Soon after Hansberry died, Nemiroff chose a treatment for a musical version of Raisin from composer Judd Woldin and lyricist Robert Brittan. It then took seven years to get the interest and backing from producers. The musical had its pre-Broadway opening at D.C.’s Arena Stage in the spring of 1973. After another pre-Broadway tryout in Philadelphia, the show opened on Broadway on October 18, 1973.

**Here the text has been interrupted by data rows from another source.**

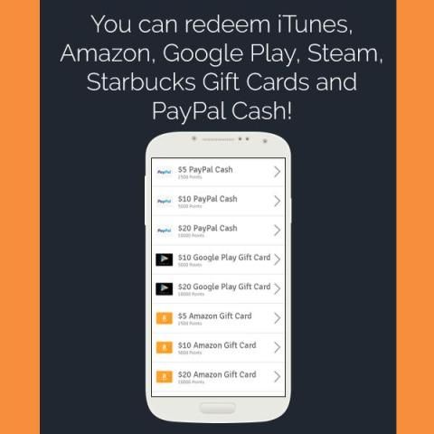 Для того, чтобы получить награды, нужно, чтобы заработать очки, и мы являемся единственным приложением на рынке, который предлагает бесплатно $ 2, когда вы начинаете использовать приложение! Это никогда не было так легко получить бесплатные подарочные карты.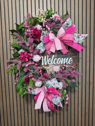 Add a burst of blooming beauty to your space with this handcrafted pink floral “Welcome” wreath — perfect for anyone who loves feminine charm and garden-inspired décor. Overflowing with lush greenery and vibrant pink florals, this wreath features elegant textures, soft pastels, and bold magenta accents that feel both fresh and inviting. Coordinating floral-print and textured bows in shades of pink brings a playful yet refined finish, while the rustic wooden sign with white “Welcome” lettering ties it all together with warmth. Ideal for spring, summer, or year-round cheer, this wreath is a stunning way to make your front door or entryway truly unforgettable.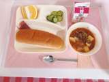 ☆ビーフシチュー ☆きゅうりのサラダ ☆あまなつかん ☆コッペパン ☆いちごジ...

Clive Barnes wrote in The New York Times in October 1973: "The present book by Robert Nemiroff and Charlotte Zaltzberg is perhaps even better than the play. It retains all of Miss Hansberry’s finest dramatic encounters with the dialogue, as cutting and as honest as ever, intact. But the shaping of the piece is slightly firmer and better." Later in the review he wrote: “In a sense the score (music by Judd Wolden and lyrics by Robert Brittan) for Raisin is not the most important aspect of the show…. You hardly notice this—or at least you only notice it in passing—not only because of the exceptionally superior book, but also the enormous strength of the staging and the performance.”

== Illness and death ==

During Raisin's run at Arena Stage, Zaltzberg was diagnosed with inoperable breast cancer. Her health declined immediately after Raisins opening in October, and she died on February 24, 1974 at the age of 49. The Raisin cast, crew, and producers participated in a memorial for her. The cast sang songs from the show, including the song “Measure the Valleys.”

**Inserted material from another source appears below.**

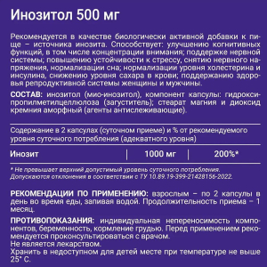 2 капсулы Инозитола от Evalar Laboratory содержат оптимальную суточную дозировку 1000 мг.

After her death, Nemiroff wrote a letter to investors in which he informed those who were not aware that Zaltzberg had died. He wrote: “She was a woman of enormous talent and unfailing zest, with a rare and extraordinary competence appreciated by all who knew and loved her. There is a void that cannot be filled, but we will carry on in the tradition of unflagging spirit which Charlotte reflected. To Be Young, Gifted and Black; Sidney Brustein; Les Blancs: and now Raisin—to all of which she gave her creativity—are monuments to that spirit.”